◆ **WHAT IS NEEDED**
Among the entries below, take the line with "Health & Household" and the line with "Thick Impasto palette-knifed", and output them and every line between them exactly, with nothing else.

◆ **PROVIDED RECORDS**
= = =

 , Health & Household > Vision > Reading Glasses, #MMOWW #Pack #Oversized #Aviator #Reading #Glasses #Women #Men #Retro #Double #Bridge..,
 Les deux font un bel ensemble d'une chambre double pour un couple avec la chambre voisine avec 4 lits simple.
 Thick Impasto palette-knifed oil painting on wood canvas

= = =

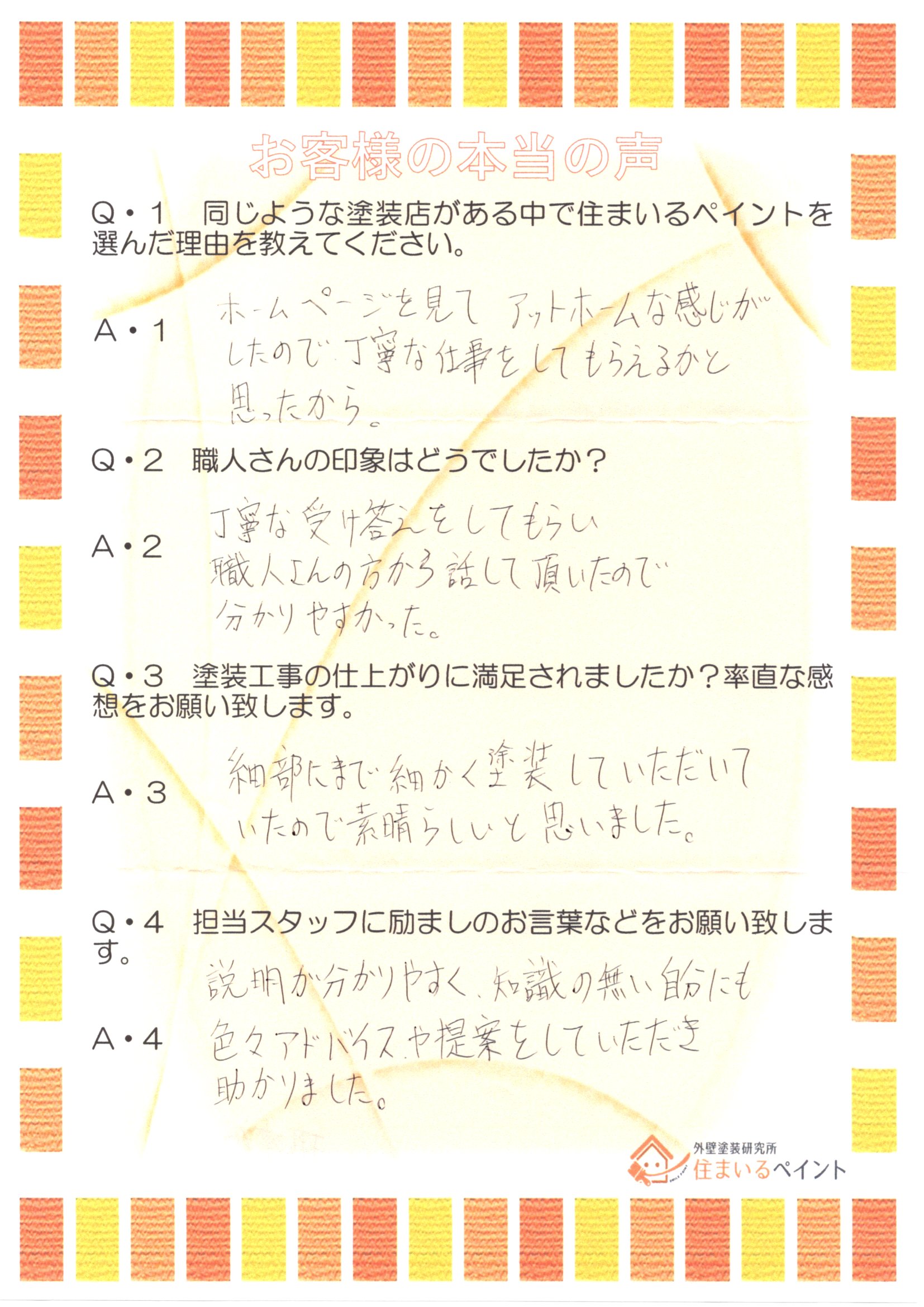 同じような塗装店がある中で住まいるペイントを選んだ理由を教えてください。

= = =

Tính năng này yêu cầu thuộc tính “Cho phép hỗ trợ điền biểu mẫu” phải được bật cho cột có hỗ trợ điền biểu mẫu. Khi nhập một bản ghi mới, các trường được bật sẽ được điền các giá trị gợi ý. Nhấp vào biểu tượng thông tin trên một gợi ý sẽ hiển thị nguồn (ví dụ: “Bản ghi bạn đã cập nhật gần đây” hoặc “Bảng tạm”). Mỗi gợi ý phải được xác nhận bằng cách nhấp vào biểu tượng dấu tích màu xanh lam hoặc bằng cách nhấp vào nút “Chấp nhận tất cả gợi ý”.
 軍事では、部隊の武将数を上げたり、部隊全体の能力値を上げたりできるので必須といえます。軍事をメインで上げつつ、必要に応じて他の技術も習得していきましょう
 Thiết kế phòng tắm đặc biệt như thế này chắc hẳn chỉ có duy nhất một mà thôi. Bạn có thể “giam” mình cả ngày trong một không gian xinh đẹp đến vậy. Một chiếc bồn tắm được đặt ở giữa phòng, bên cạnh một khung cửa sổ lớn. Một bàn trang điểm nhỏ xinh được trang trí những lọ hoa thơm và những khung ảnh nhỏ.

= = =

◆ **YOUR SOLUTION**
 , Health & Household > Vision > Reading Glasses, #MMOWW #Pack #Oversized #Aviator #Reading #Glasses #Women #Men #Retro #Double #Bridge..,
 Les deux font un bel ensemble d'une chambre double pour un couple avec la chambre voisine avec 4 lits simple.
 Thick Impasto palette-knifed oil painting on wood canvas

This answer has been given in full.